I have a binary classification problem and used a random forest and a logistic regression.
From the results of conf_mat
, the collect_metrics()
and collect_predictions
I want to change my models to classify as TRUE only if the model is "sure" say 75% or a even higher probability. I just don't know where to specify this change. Would be amazing if someone can give me a hint. My intuition tells me that it should be somewhere in the model specification e.g. somewhere here, but maybe I am wrong.
canc_rf_model <- rand_forest(
mtry = tune(),
min_n = tune(),
trees = 500) %>%
set_engine("ranger") %>%
set_mode("classification")
canc_log_model <- logistic_reg() %>%
set_engine("glm") %>%
set_mode("classification")
Thank you very much in advance! M.
The hard class predictions come from the underlying ranger::predictions()
function, not from a tidymodels function so there's not much to be done in the fitting itself.
However, you can pretty fluently change this if you like after fitting. Let's make an example classification model:
library(tidymodels)
#> Registered S3 method overwritten by 'tune':
#> method from
#> required_pkgs.model_spec parsnip
data("ad_data")
alz <- ad_data
# data splitting
set.seed(100)
alz_split <- initial_split(alz, strata = Class, prop = .9)

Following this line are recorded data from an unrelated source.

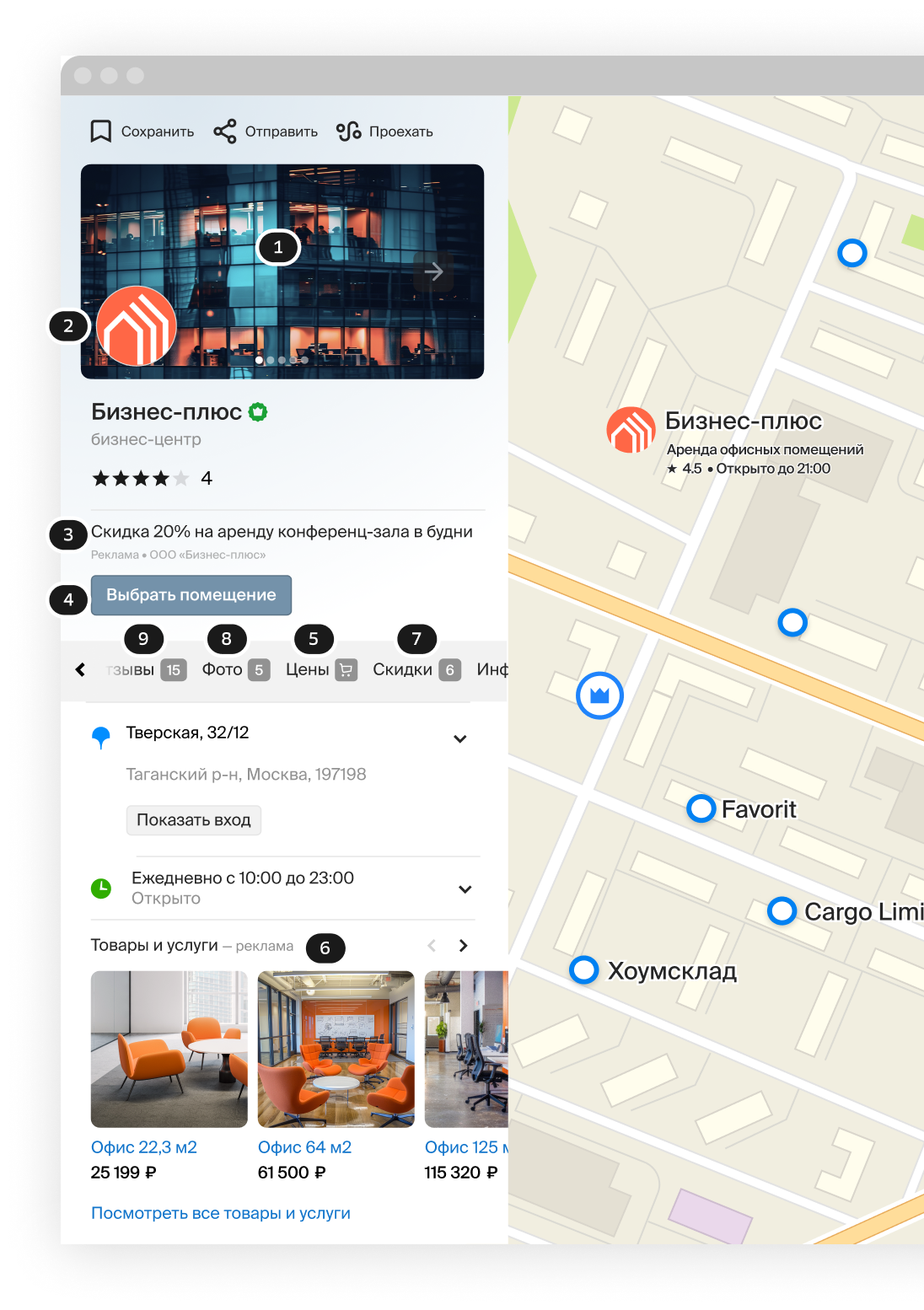 В поисковой выдаче и на карте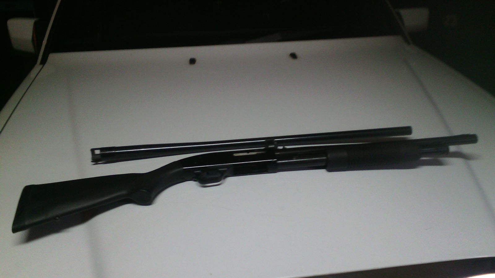 Se trata de una Mossberg 500 de repetición (por mecanismo de corredera) en polímero negro con 2 cañones intercambiables, el de más corto con alza y punto y el largo con banda de puntería típica de escopeta para cartuchos con perdigones. Capacidad de 5 cartuchos en el tubo alimentador + 1 en la recámara.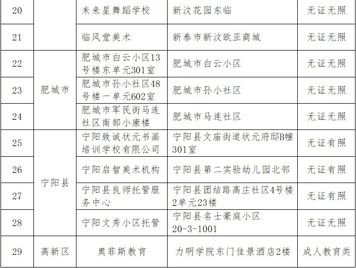 为贯彻落实中共中央办公厅、国务院办公厅《关于进一步减轻义务教育阶段学生作业负担和校外培训负担的意见》(中办发〔2021〕40号)精神,进一步规范面向中小学生(含幼儿园儿童)及成人文化教育类的校外教育培训机构办学行为,促进校外培训机构规范有序发展,营造公平竞争的市场环境,经摸排,发现全市共有29家证照不全培训机构,违规开展培训,现将29家机构列入“黑名单”向社会公布。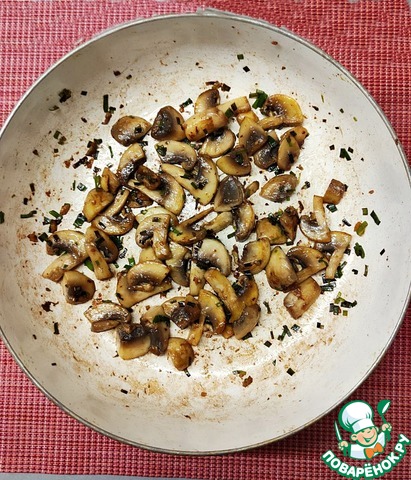Нарезать грибы достаточно крупно, обжарить немного вместе с луком.
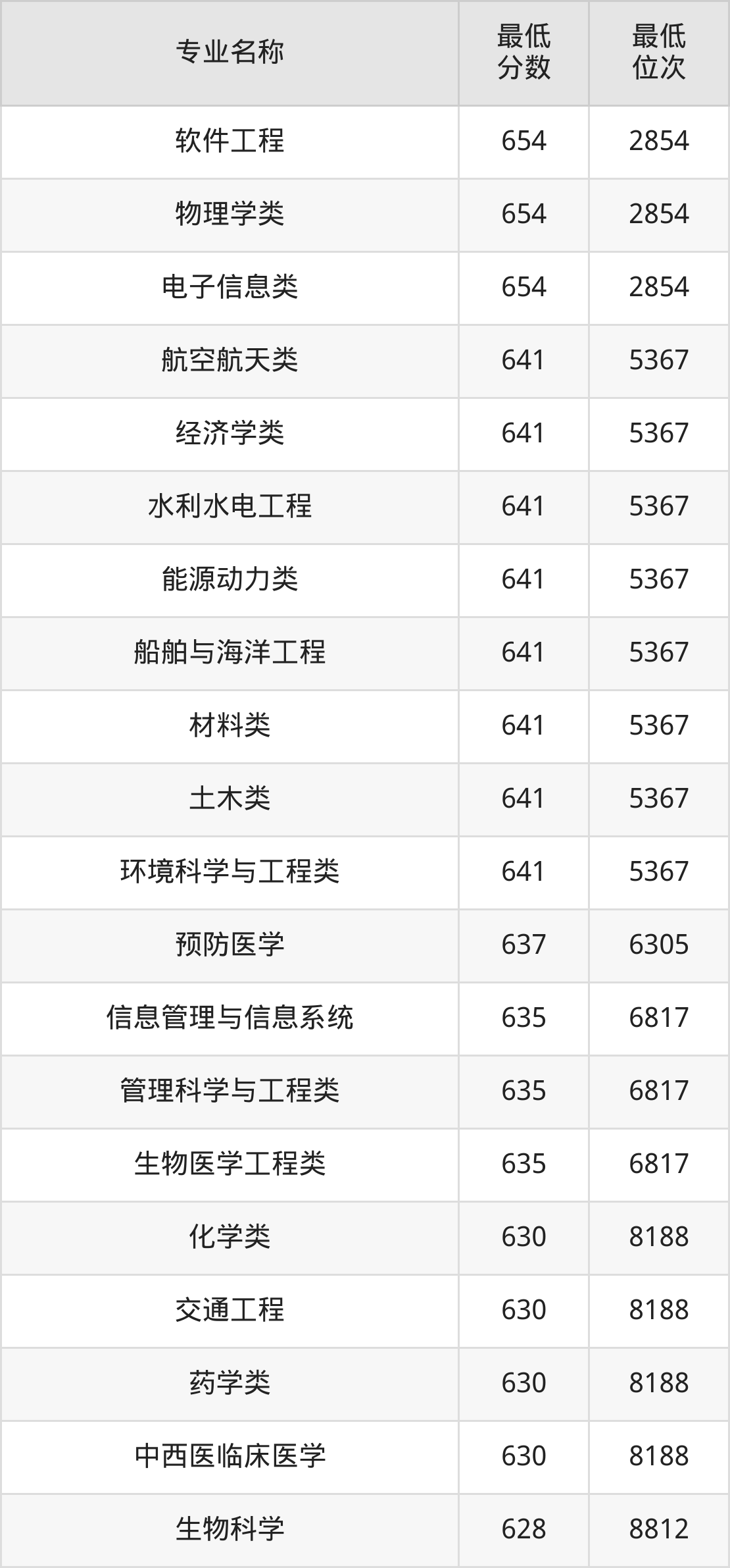 | 山西 | 理科本科一批 A | —— | 638/623/608 |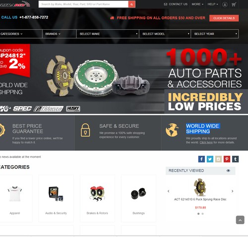 Home Page Banner Design For Automotive Aftermarket Parts Store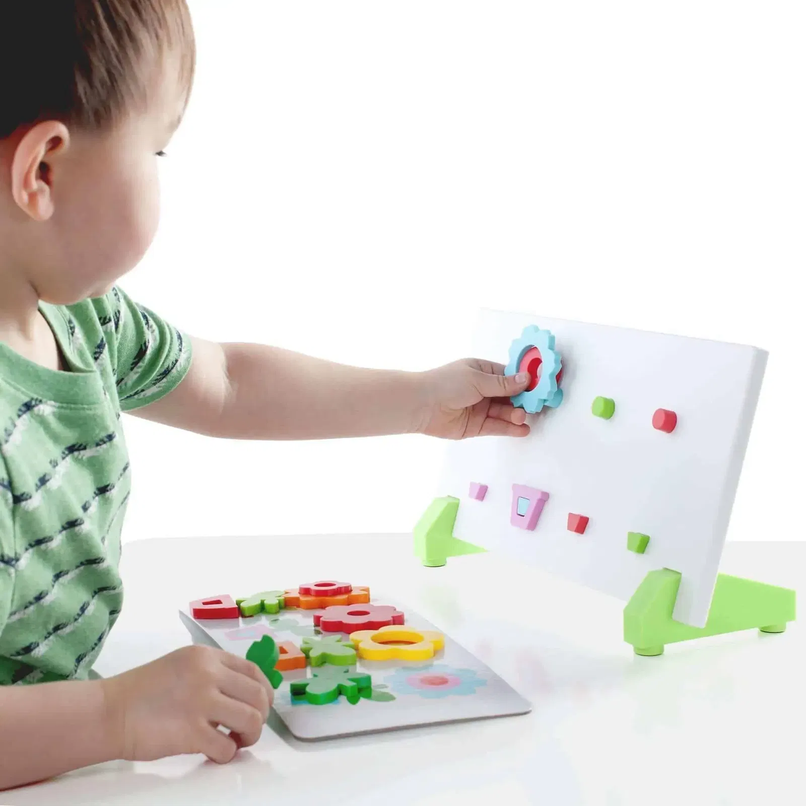 Magnetisches Sortier- & Muster-Spiel: 44 Teile, 6 doppelseitige Musterkarten, selbststehendes Board mit Metallrückwand. Farben, Formen, Sequenzen trainieren. 34,9×31,1×7,6 cm. Ab 3+.

alz_train <- training(alz_split)
alz_test <- testing(alz_split)
# data resampling
set.seed(100)
alz_folds <-
vfold_cv(alz_train, v = 10, strata = Class)
rf_mod <-
rand_forest(trees = 1e3) %>%
set_engine("ranger") %>%
set_mode("classification")
rf_wf <-
workflow() %>%
add_formula(Class ~ .) %>%
add_model(rf_mod)
set.seed(100)
rf_preds <- rf_wf %>%
fit_resamples(
resamples = alz_folds,
control = control_resamples(save_pred = TRUE)) %>%
collect_predictions()
Here is the default confusion matrix:
rf_preds %>%
conf_mat(Class, .pred_class)
#> Truth
#> Prediction Impaired Control
#> Impaired 37 5
#> Control 45 213
You can use the probably package to post-process your class probability estimates and just overwrite the default values:
library(probably)
#>
#> Attaching package: 'probably'
#> The following objects are masked from 'package:base':
#>
#> as.factor, as.ordered
rf_preds %>%
mutate(.pred_class = make_two_class_pred(.pred_Impaired,
levels(rf_preds$Class),
threshold = 0.75),
.pred_class = factor(.pred_class, levels = levels(rf_preds$Class))) %>%
conf_mat(Class, .pred_class)
#> Truth
#> Prediction Impaired Control
#> Impaired 0 0
#> Control 82 218
Created on 2021-03-23 by the reprex package (v1.0.0)